» What to produce: Each record, minus any picture, should be returned exactly as written.

» Material provided:

------------------------------------

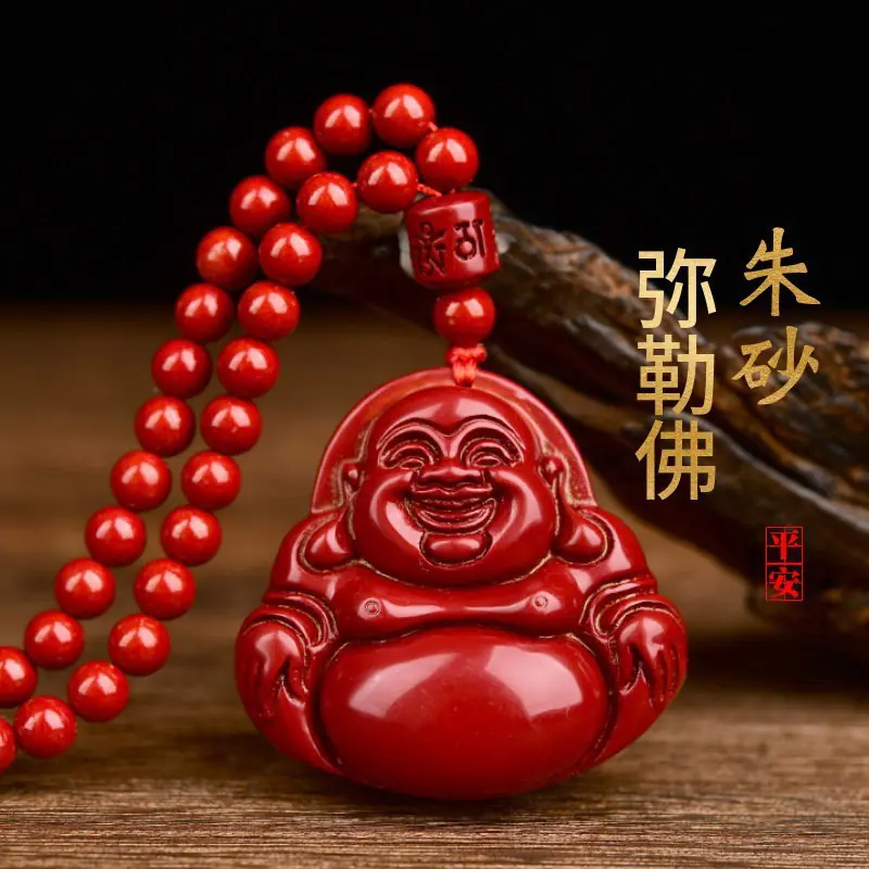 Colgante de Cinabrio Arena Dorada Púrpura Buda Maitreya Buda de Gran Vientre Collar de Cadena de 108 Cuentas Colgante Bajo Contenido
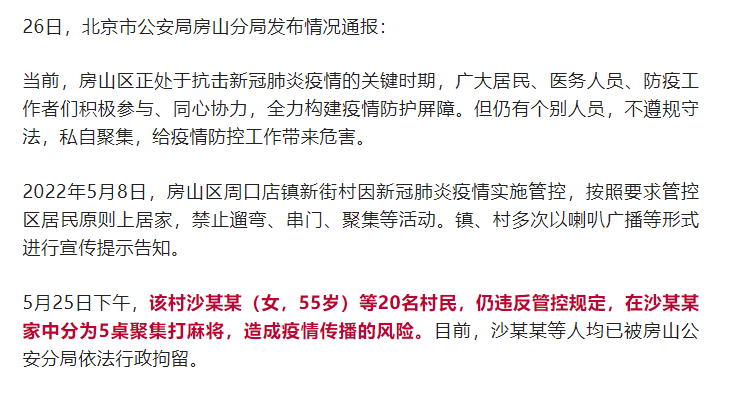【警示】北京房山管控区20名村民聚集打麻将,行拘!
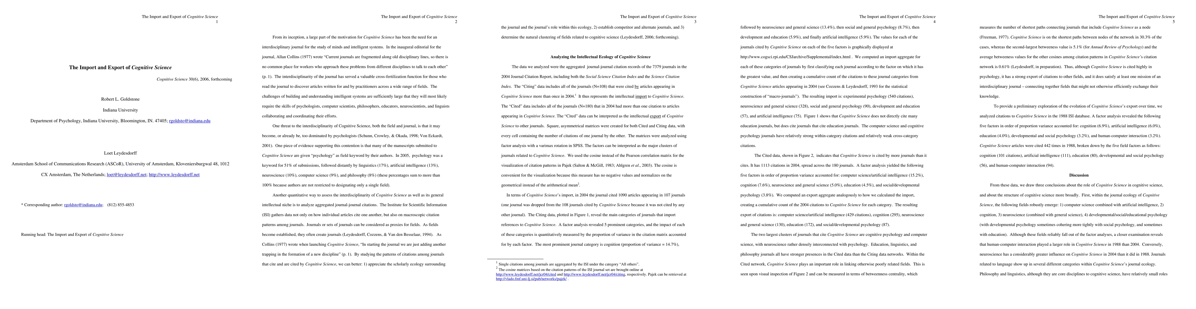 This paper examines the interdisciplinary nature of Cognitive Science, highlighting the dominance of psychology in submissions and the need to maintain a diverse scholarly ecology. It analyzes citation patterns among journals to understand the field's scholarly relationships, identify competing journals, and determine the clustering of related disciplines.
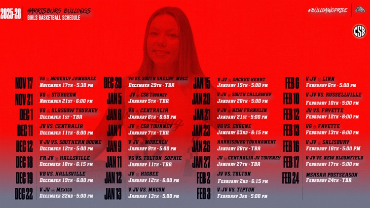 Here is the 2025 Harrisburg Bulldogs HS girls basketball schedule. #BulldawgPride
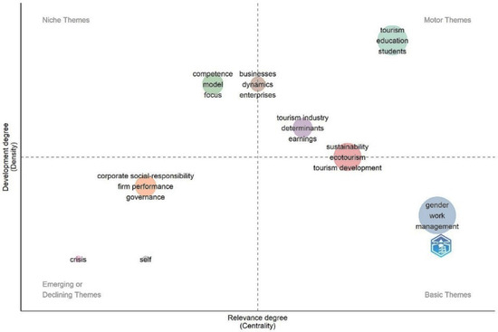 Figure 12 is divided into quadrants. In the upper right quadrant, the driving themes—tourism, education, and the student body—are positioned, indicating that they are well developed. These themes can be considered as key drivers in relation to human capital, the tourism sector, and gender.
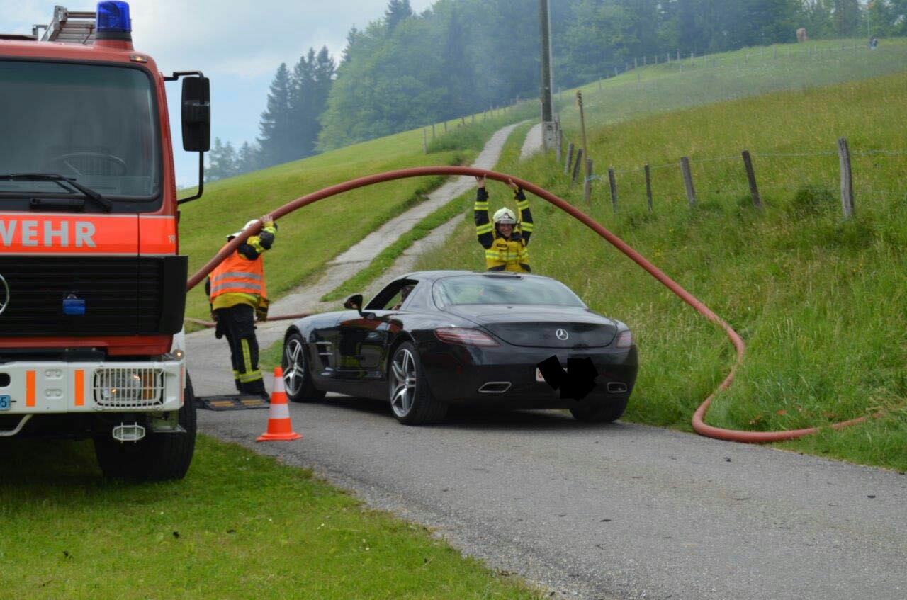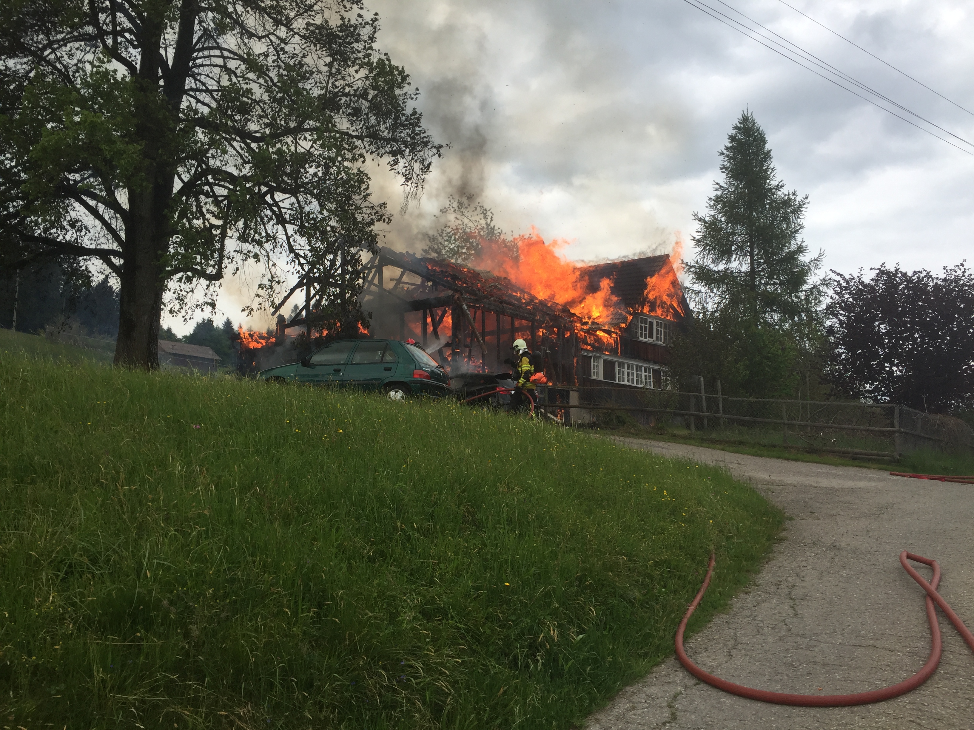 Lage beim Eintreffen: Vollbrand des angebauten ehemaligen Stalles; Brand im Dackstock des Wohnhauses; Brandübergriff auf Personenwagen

------------------------------------

» Task answer:
 Colgante de Cinabrio Arena Dorada Púrpura Buda Maitreya Buda de Gran Vientre Collar de Cadena de 108 Cuentas Colgante Bajo Contenido
【警示】北京房山管控区20名村民聚集打麻将,行拘!
 This paper examines the interdisciplinary nature of Cognitive Science, highlighting the dominance of psychology in submissions and the need to maintain a diverse scholarly ecology. It analyzes citation patterns among journals to understand the field's scholarly relationships, identify competing journals, and determine the clustering of related disciplines.
 Here is the 2025 Harrisburg Bulldogs HS girls basketball schedule. #BulldawgPride
 Figure 12 is divided into quadrants. In the upper right quadrant, the driving themes—tourism, education, and the student body—are positioned, indicating that they are well developed. These themes can be considered as key drivers in relation to human capital, the tourism sector, and gender.
 Lage beim Eintreffen: Vollbrand des angebauten ehemaligen Stalles; Brand im Dackstock des Wohnhauses; Brandübergriff auf Personenwagen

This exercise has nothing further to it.